• Task prompt:
Retype, word for word, only the lines from the one containing "Экс-главу Хакасии Зимина" through the last line of the listing below. Pictures do not belong in the result.

• Data segment:

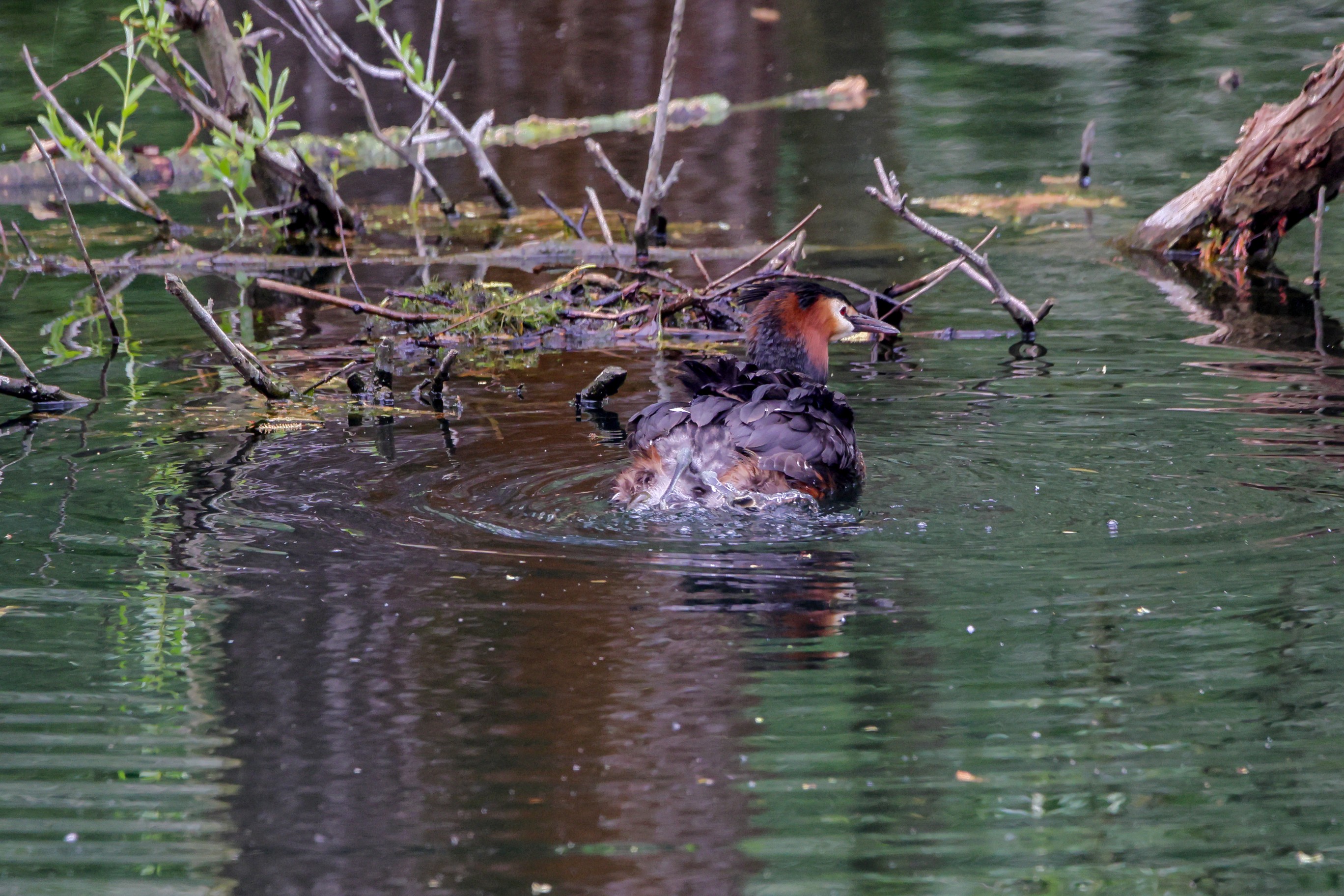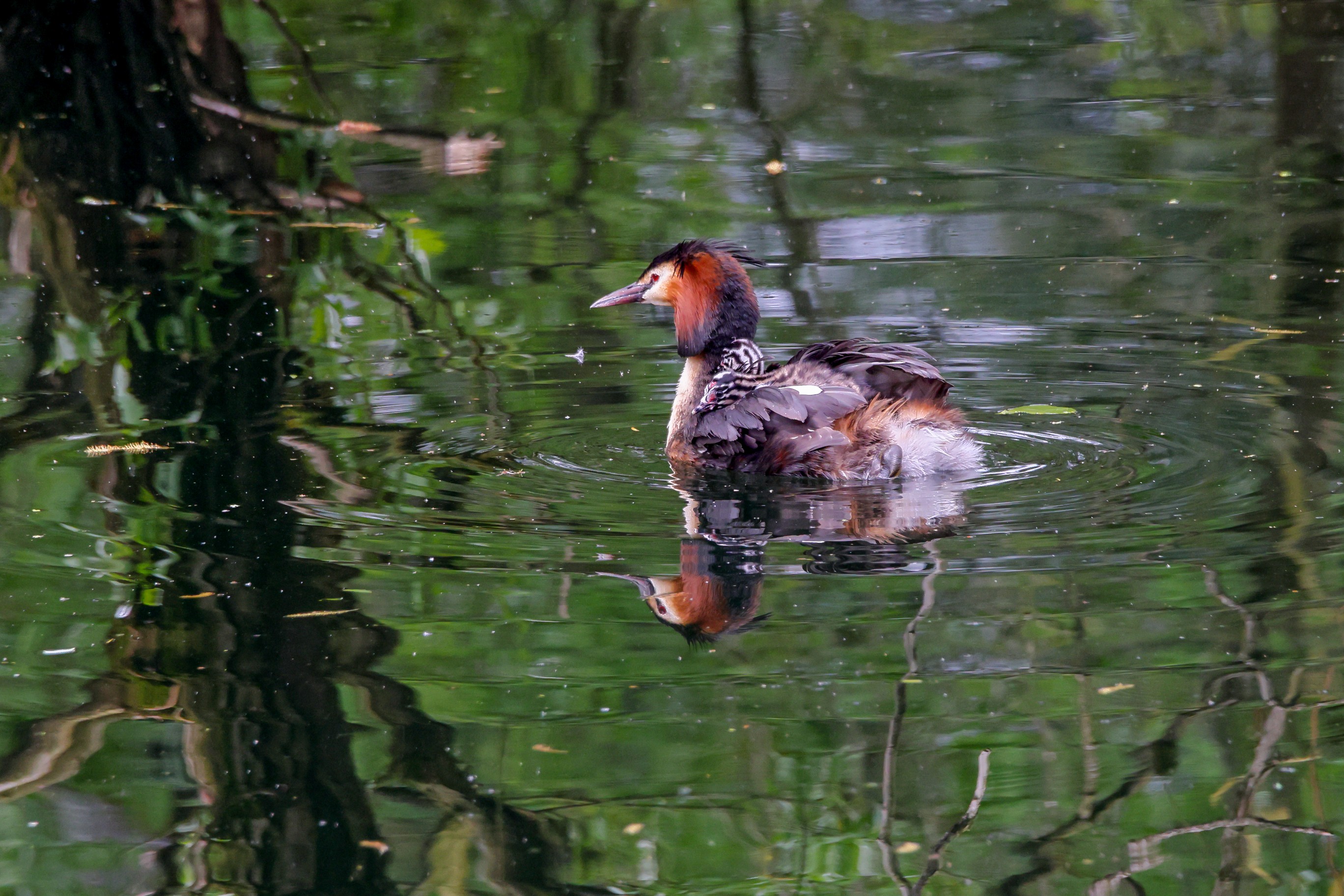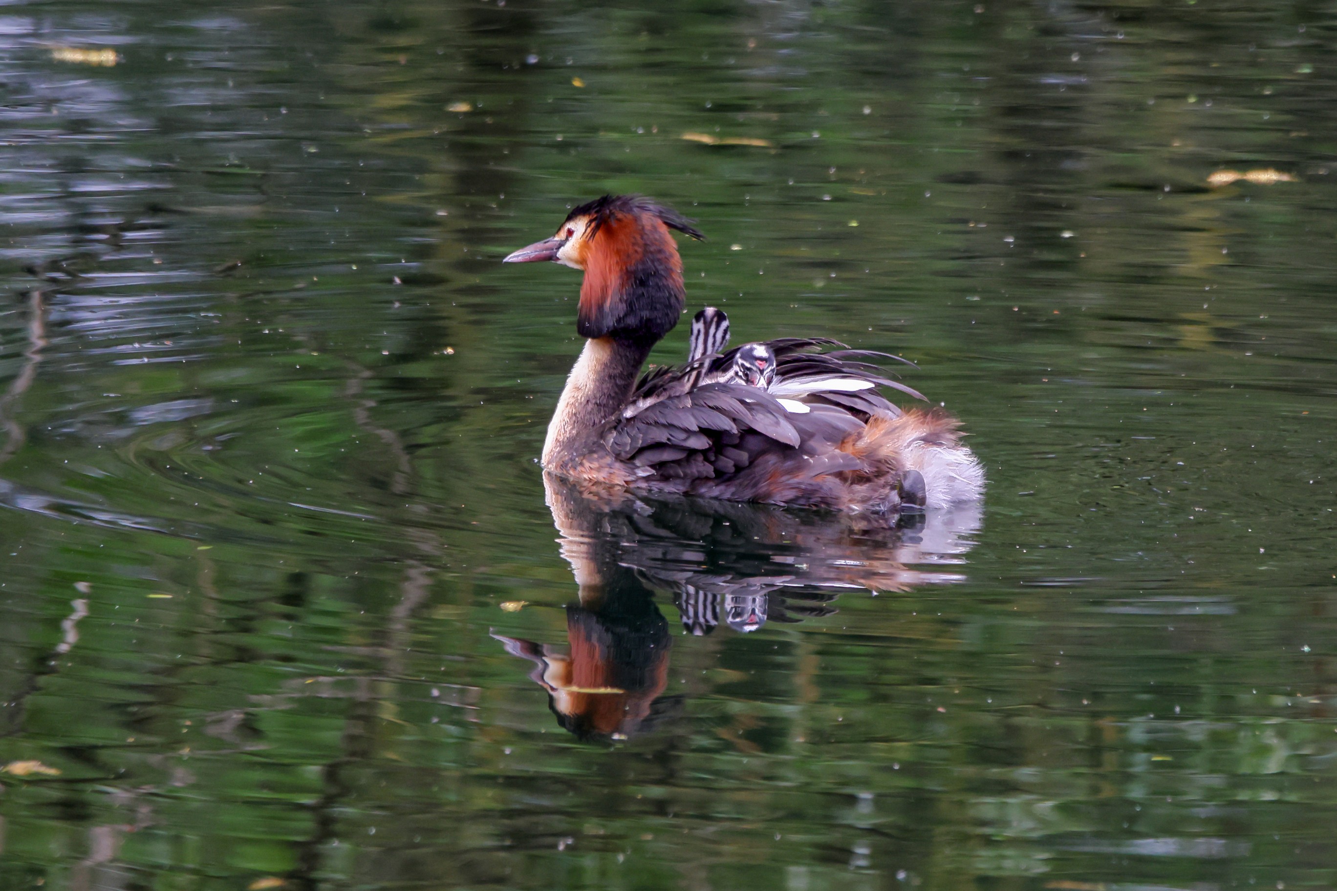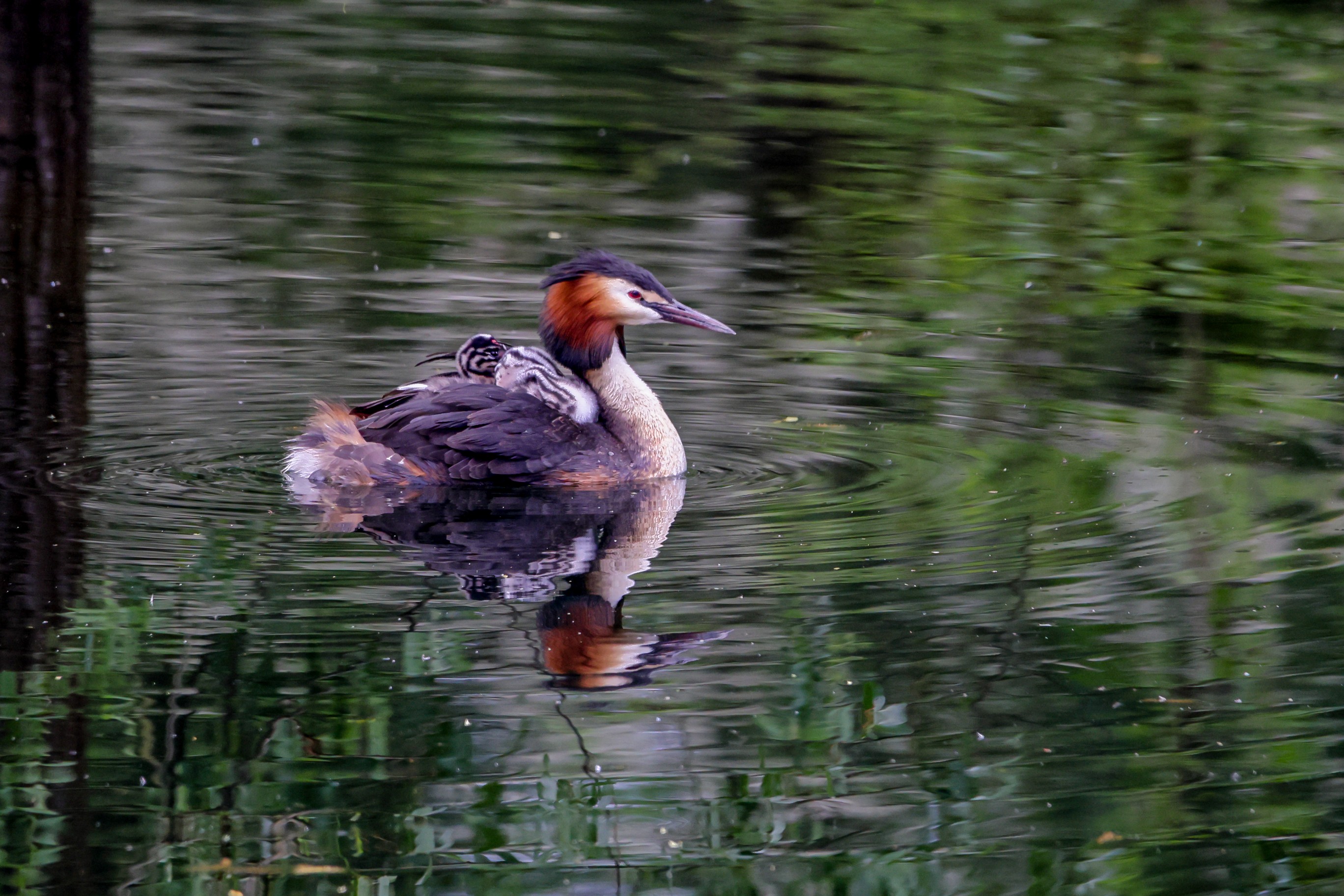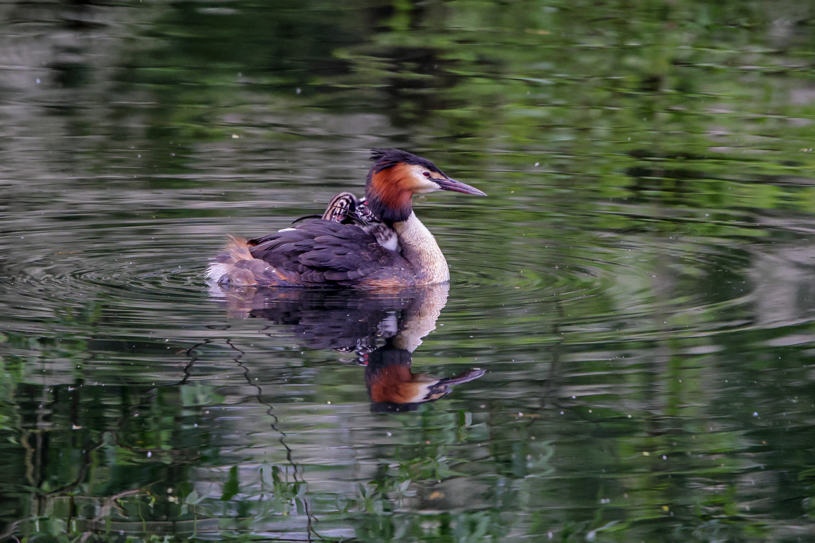Die Haubentaucher präsentieren ihren Nachwuchs
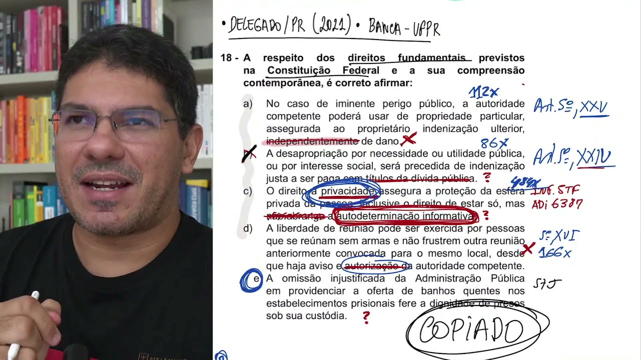 coisas eu não acerto as questões Então vamos vamos analisar eu queria saber porque que eu tava errado tanto e aí eu fui pesquisar questão por questão onde é que estavam as respostas da prova é porque eu olhava e não sabe a resposta e aí eu comecei a perceber que grande parte das questões que eu resolvia eu não entendia mas eu não sabia porque estava errando o detalhe que eu estava errando e eu descobri que estava na legislação aqui é um vademeco tá eu depois eu vou mostrar esse movimento daquela época que estava tribunais daquela época
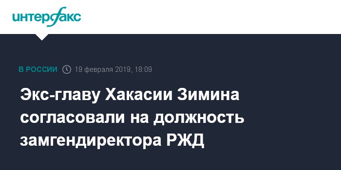 Экс-главу Хакасии Зимина согласовали на должность замгендиректора РЖД
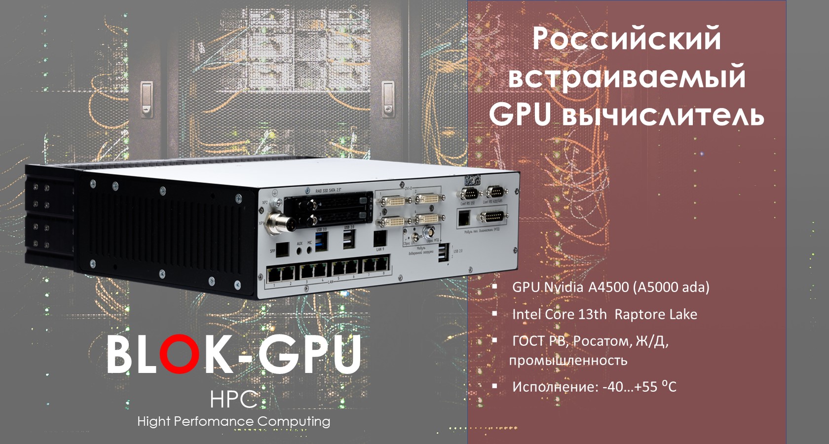 Современный функционал передовых графических адаптеров с популярной программно-аппаратной средой CUDA в составе встраиваемых вычислителей серии BLOK-GPU позволяет российским инженерам, ОЕМ-производителям и системным интеграторам генерировать собственные инновационные программно-аппаратные решения класса HPC, сокращать циклы/стоимость вывода на рынок и модернизации перспективных вычислительных комплексов с функционалом ИИ, существенно повышать спектр решаемых задач, быть впереди оппонентов на локальных и внешних рынках.

• Written response:
 Экс-главу Хакасии Зимина согласовали на должность замгендиректора РЖД
 Современный функционал передовых графических адаптеров с популярной программно-аппаратной средой CUDA в составе встраиваемых вычислителей серии BLOK-GPU позволяет российским инженерам, ОЕМ-производителям и системным интеграторам генерировать собственные инновационные программно-аппаратные решения класса HPC, сокращать циклы/стоимость вывода на рынок и модернизации перспективных вычислительных комплексов с функционалом ИИ, существенно повышать спектр решаемых задач, быть впереди оппонентов на локальных и внешних рынках.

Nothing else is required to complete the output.